### [Exercise directions]
From the material below, copy exactly the lines beginning with the one that contains "Chartreuse Sateen Bias-Cut Midi-Skirt" and ending with the one that contains "Del mismo modo, las"; the pictures stay out.

======== Dataset content

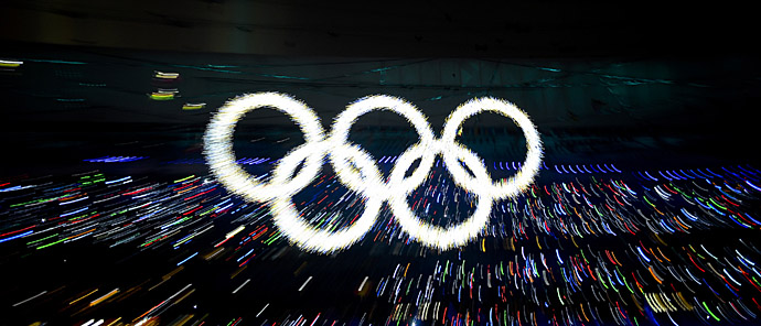 8月8日晚8時(shí),第29屆夏季奧林匹克運(yùn)動(dòng)會(huì)在國(guó)家體育場(chǎng)——“鳥巢”隆重開幕。這是開幕式上閃閃發(fā)光的夢(mèng)幻“五環(huán)”。
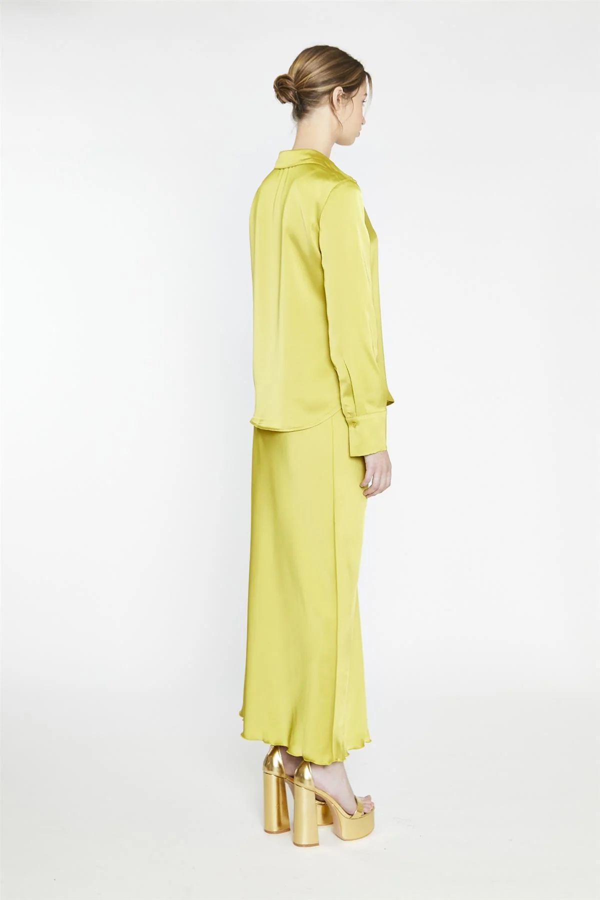 Chartreuse Sateen Bias-Cut Midi-Skirt
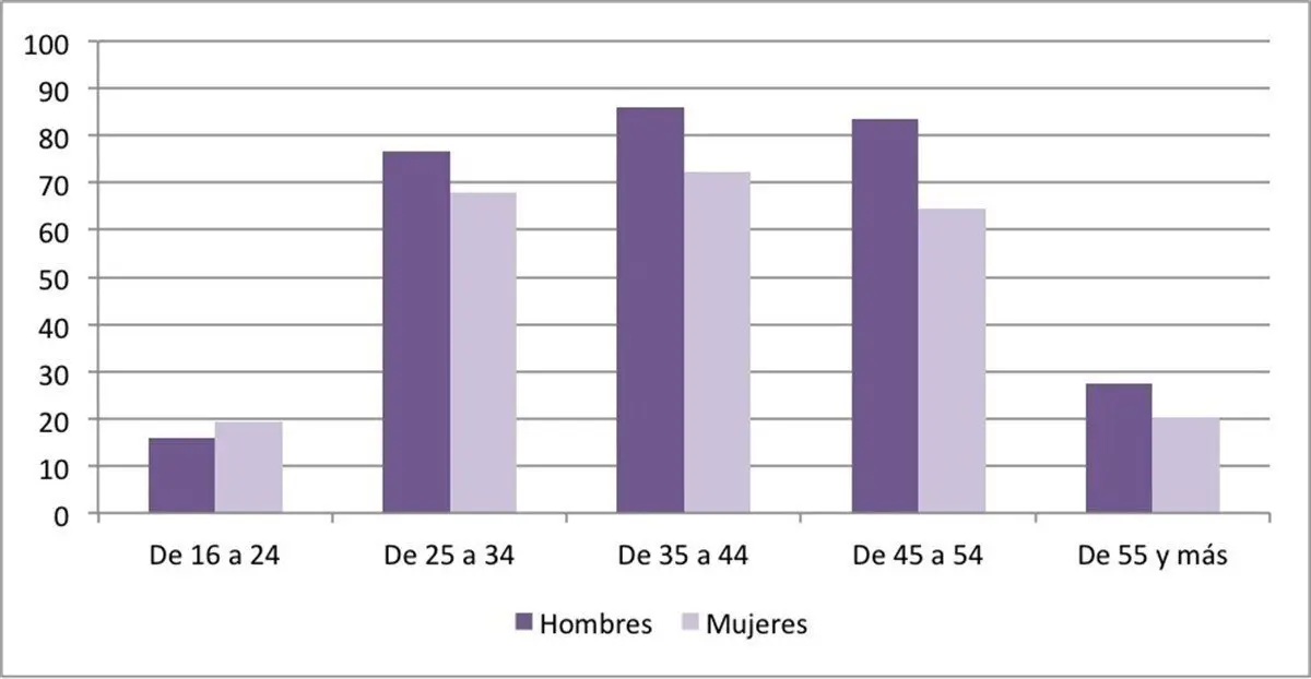 Del mismo modo, las tasas de empleo son mayores en hombres que en mujeres, siendo especialmente significativo que en las franjas de edad de 35 a 44 y de 45 a 54 años la diferencia es aún más acusada, llegando en el segundo caso al 19% durante el segundo trimestre de 2018.
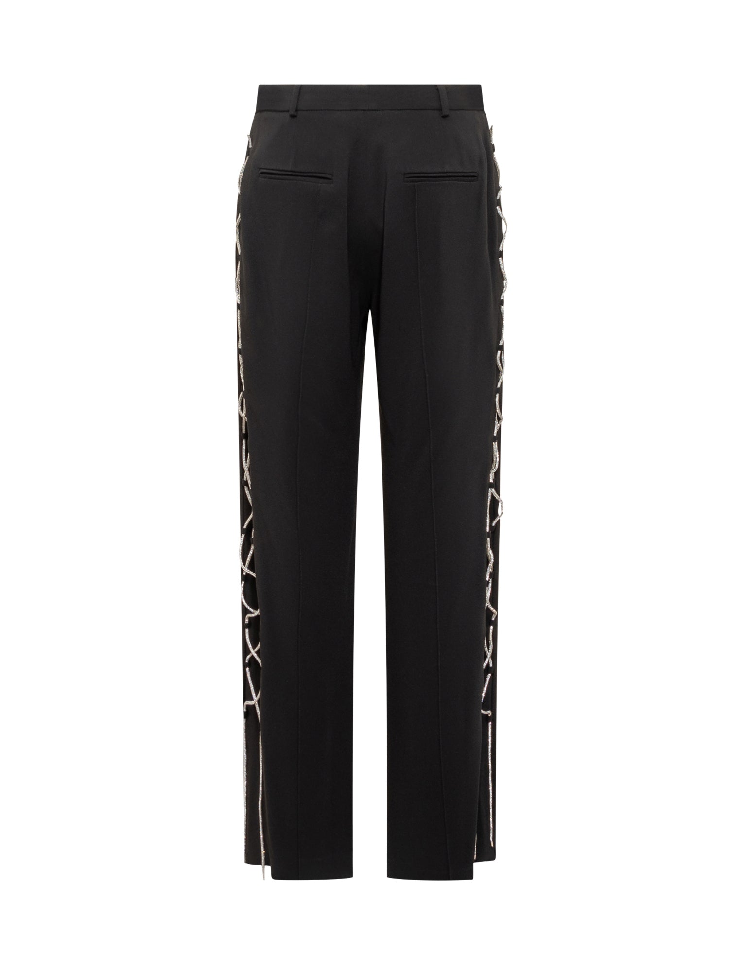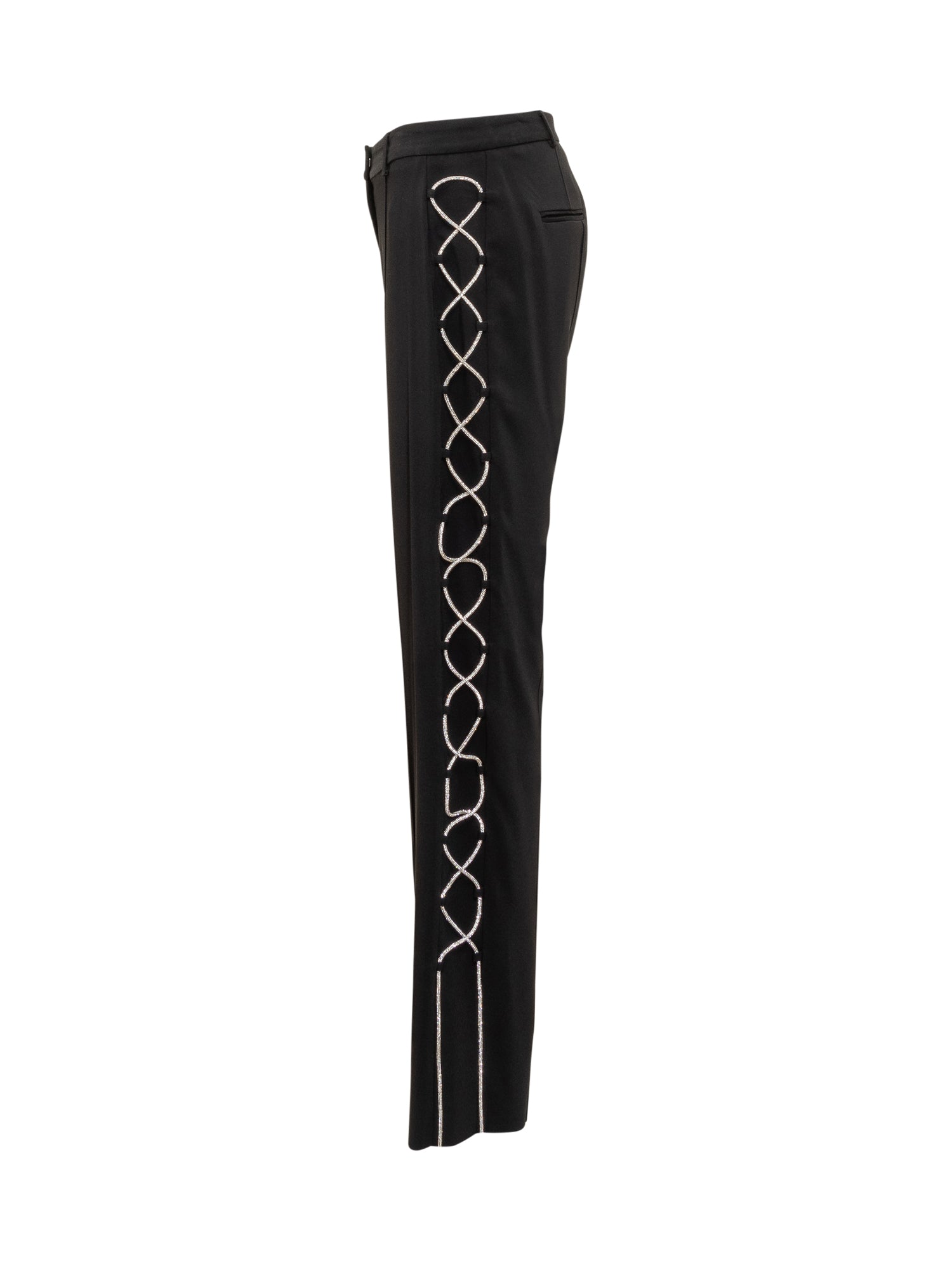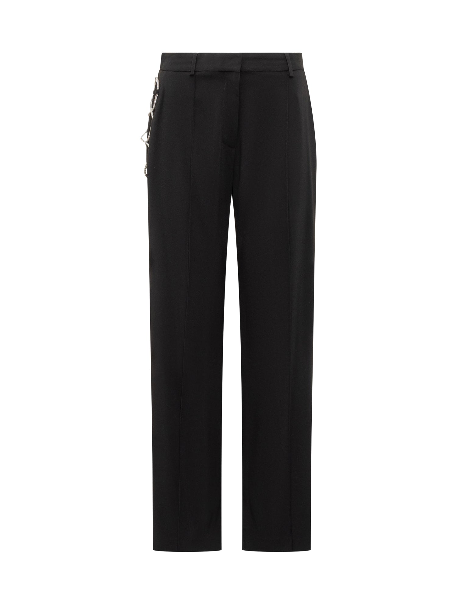 Chiusura con bottone, gancio e zip. Passanti per cintura. Tasche laterali. Tasche sul retro. Spacchi sul fondo. Colore nero. Applicazioni sui lati..

================

### [Output for this exercise]
 Chartreuse Sateen Bias-Cut Midi-Skirt
 Del mismo modo, las tasas de empleo son mayores en hombres que en mujeres, siendo especialmente significativo que en las franjas de edad de 35 a 44 y de 45 a 54 años la diferencia es aún más acusada, llegando en el segundo caso al 19% durante el segundo trimestre de 2018.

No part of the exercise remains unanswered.